Demande de permis de construire

 

Ouverture du chantier

 

Réalisation et réception des travaux

 

Phase exploratoire

Cette phase exploratoire doit en principe être menée par le maître d’ouvrage, elle nécessite un certain nombre de démarches. L'architecte peut assister dans le cadre d’une « mission spéciale » précisée dans le contrat.

Le terrain est-il constructible ? Il s’agit du terrain dont le maitre d'ouvrage est propriétaire ou pour lequel il a signé un engagement d’achat :« promesse de vente, compromis ».

  • Demande de certificat d’urbanisme : ce document précise, dans le cas où le terrain est constructible, les servitudes administratives dont on doit tenir compte et les dispositions d’urbanisme à respecter :
    • servitudes administratives : projets d’expropriation, règles d’alignement, périmètres de rénovation ….
    • dispositions d’urbanisme concernant la construction : densité autorisée, hauteur, aspect extérieur, destination, implantation par rapport aux voisins et à la voirie, autorisation si nécessaire de démolir des bâtiments existants, classement dans un secteur protégé, classé ou sauvegardé

La demande de certificat d’urbanisme doit être adressée en quatre exemplaires, par lettre recommandée avec accusé de réception, à la mairie de la commune où se situe le terrain. Il s’obtient dans un délai maximum de deux mois : c’est le propriétaire du terrain qui en fait la demande et c’est levendeur ou son notaire qui le procure, si une promesse de vente est signée.

  • Le terrain ne comporte pas de servitudes privées qui nuiraient au projet : droit de puisage et de passage, contrainte de mitoyenneté, servitude de vue sur les propriétés voisines, limites de propriété non précisées nécessitant une action en bornage, interdiction de construire (clause de « non aedificandi »).
  • Le terrain est « techniquement » constructible :
    • vérification du sous-sol : si le certificat d’urbanisme informe que le terrain est situé dans une zone à risques (sous-sol instable par exemple), le dossier de demande de permis de construire devra être accompagné d’une étude géologique qui précisera les précautions à prendre
    • le terrain viabilisé : raccordement aux égouts, voirie, alimentation en eau, alimentation en électricité, gaz et téléphone.
    • le terrain est soumis ou non à la législation sur le défrichement.

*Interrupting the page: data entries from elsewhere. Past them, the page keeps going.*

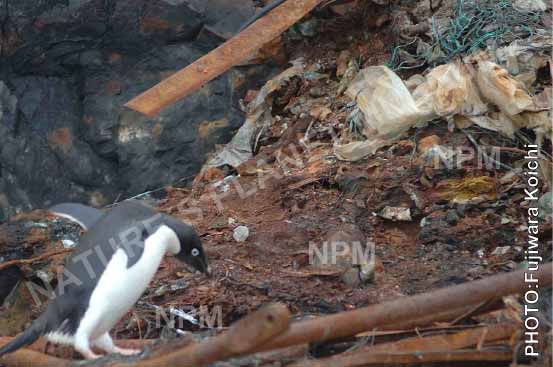 breeding ground. Some penguins pick up the plastic waste every time when they pass.
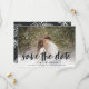 Une carte moderne de "save the date" avec une typographie manuscrite fraîche et décontractée qui évoque l'aspect d'un marqueur à pinceau. Conçue pour accueillir votre photo de fiançailles horizontale ou en paysage à fond perdu, cette carte chic présente une superposition noire douce avec vos noms, date de mariage et lieu de mariage superposés sur un dégradé blanc pour un contraste de texte. Les cartes sont imprimées au verso avec un motif de contour floral blanc et comportent un espace pour inclure l'URL de votre site web de mariage ou toute autre information que vous souhaitez.
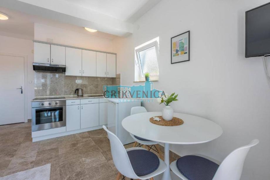 U ponudu smo dobili odličnu nekretninu, garsonijeru svega 200m od mora i uređene plaže sa svim sadržajima (kafići, restoran, pekara, dječje igralište...).
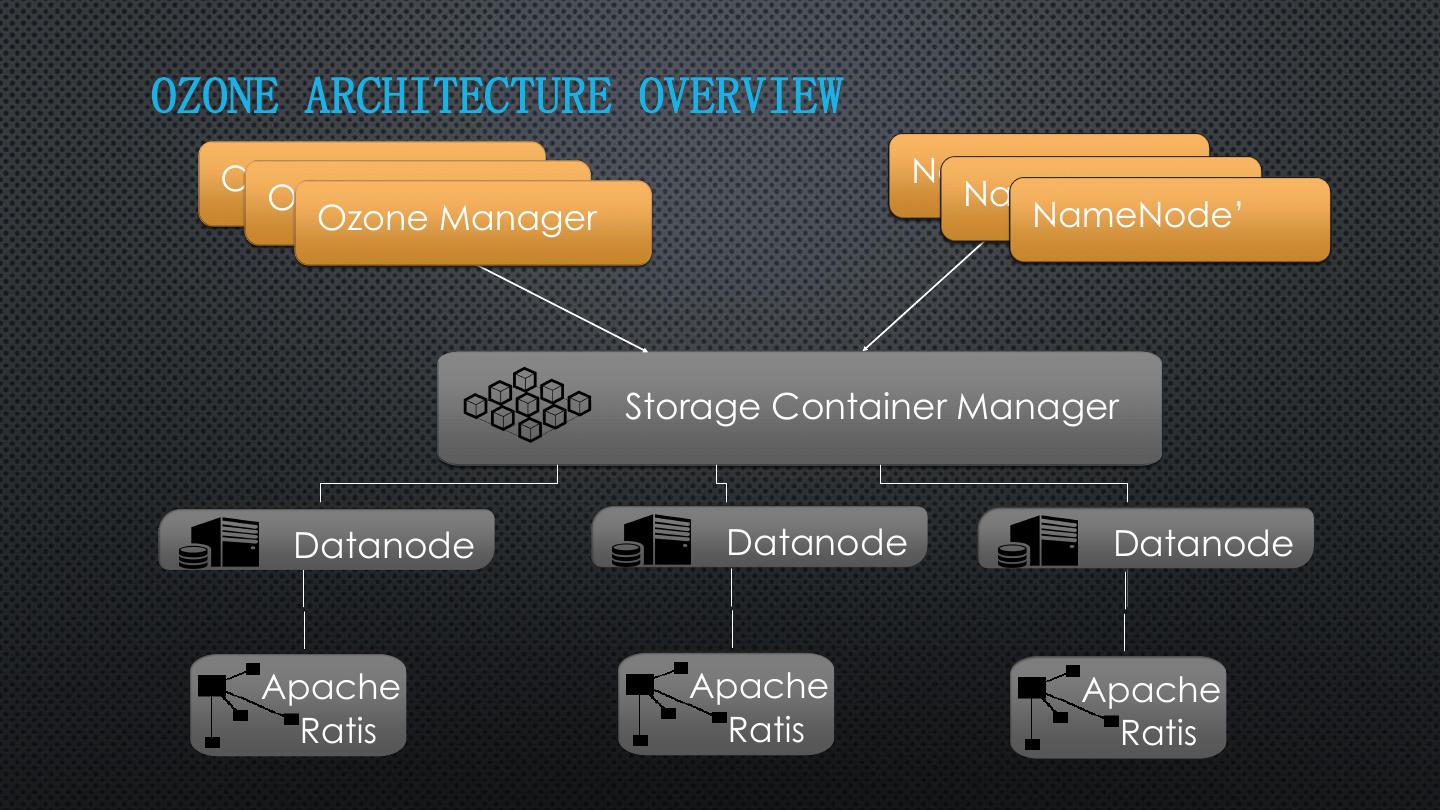 11 .OZONE ARCHITECTURE OVERVIEW Ozone Manager NameNode’ Ozone Manager NameNode’ Ozone Manager NameNode’ Storage Container Manager Datanode Datanode Datanode Apache Apache Apache Ratis Ratis Ratis
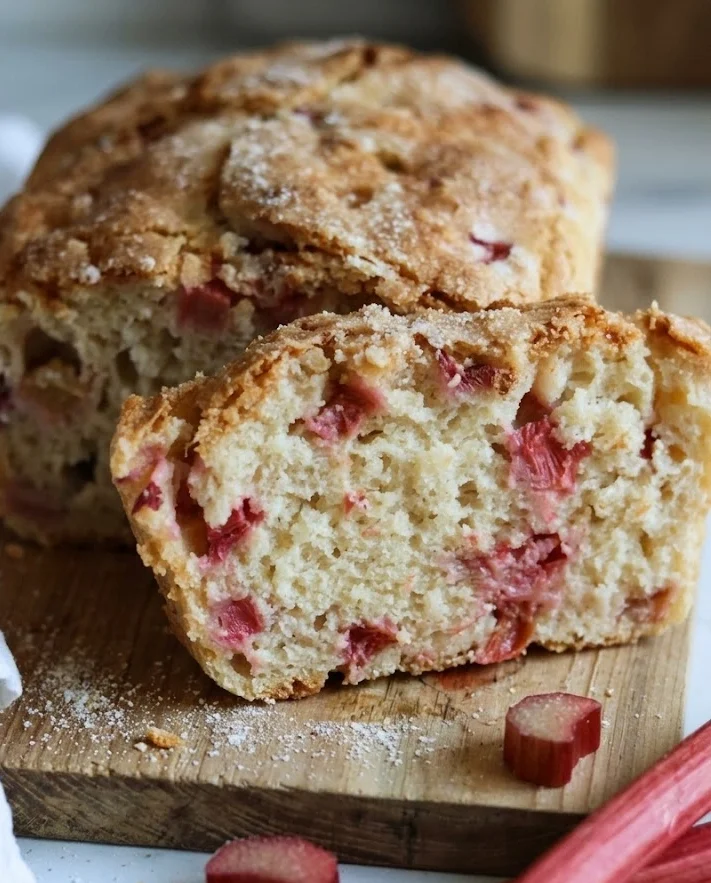 The result is a moist, tender loaf laced with tart rhubarb chunks and finished with a sprinkle of sugar that bakes into a crispy, caramelized crust. It is extraordinary for how simple it is to make.
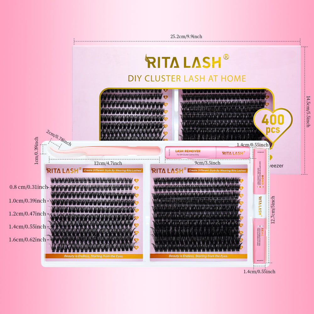 💖RITALASH 400PCS DIY Lash Extension Kit – 40D + 60D Cluster Lashes
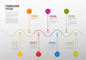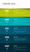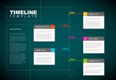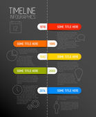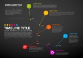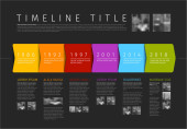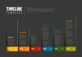 Wektorowy wielofunkcyjny Infograficzny wzór osi czasu wykonany z pięciu żółtych, pomarańczowych i czerwonych bloków w czarnym zaokrąglonym pojemniku na ciemnym tle
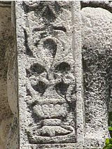 top on both sides two very beautiful masks, most likely a mixture of a River God and a
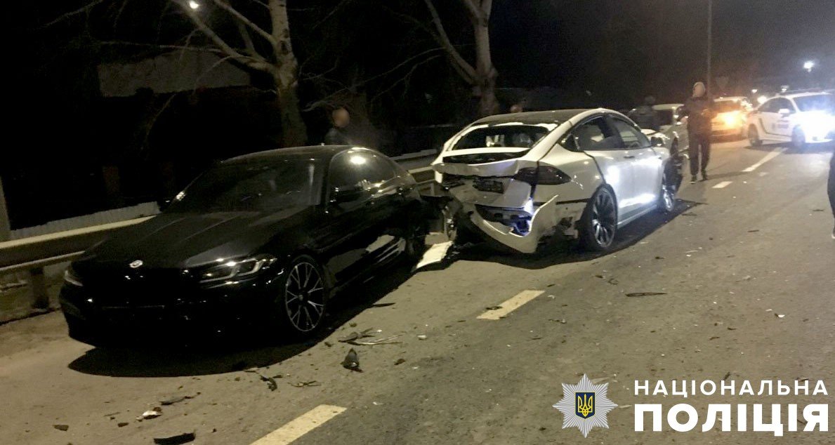 За інформацією правоохоронців, зіткнулися автомобілі Mitsubishi, BMW, Tesla та Volkswagen

    Ces informations sont fournies :

      • raccordement aux égouts : par la Direction Départementale d’Action Sanitaire et Sociale
      • voirie : par la Direction Départementale de l’Equipement ou la mairie
      • alimentation en eau : par la compagnie concessionnaire du lieu
      • alimentation en électricité et gaz : par EDF / GDF
      • défrichement : par la Direction Départementale de l’Agriculture
  • Si le terrain est inclus dans un lotissement, la promesse de vente ou du contrat de vente doivent comporter
    • une clause indiquant que l’arrêté de lotir et le cahier des charges ont été remis : aucun versement n'est effectué au vendeur avant d’être en possession de cet arrêté
    • le règlement du lotissement et le cahier des charges précisant la répartition entre les différents propriétaires
    • des charges concernant les parties communes du lotissement, ainsi que les servitudes administratives, d’urbanisme et de droit privé concernant le lotissement
    • une clause indiquant qu’a été délivré au vendeur, selon le cas :
      • soit un certificat d’achèvement de l’ensemble des travaux imposés au lotisseur ; seule l’exécution des travaux de finition (revêtement des voies, aménagement des trottoirs) peut être différée, à condition que le lotisseur y ait été autorisé,
      • soit l’arrêté autorisant la vente des lots avant tout ou partie des travaux, sous réserve que le lotisseur justifie d’une garantie bancaire d’achèvement des travaux.

      (Sommaire)

Dossier de demande de permis de construire

Les études préliminaires et l’avant-projet sommaire

  • Construction d'une maison, l'architecte étudie :

    Le terrain : sa localisation, son environnement, sa topographie, les caractéristiques de son sous-sol, les servitudes qui lui sont attachées

    Le climat : La maison doit être conçue en tenant compte des conditions climatiques locales, afin de consommer le minimum d’énergie, tout en vous assurant un bon confort (parades techniques contre le froid et l’humidité, récupération maximale de la chaleur)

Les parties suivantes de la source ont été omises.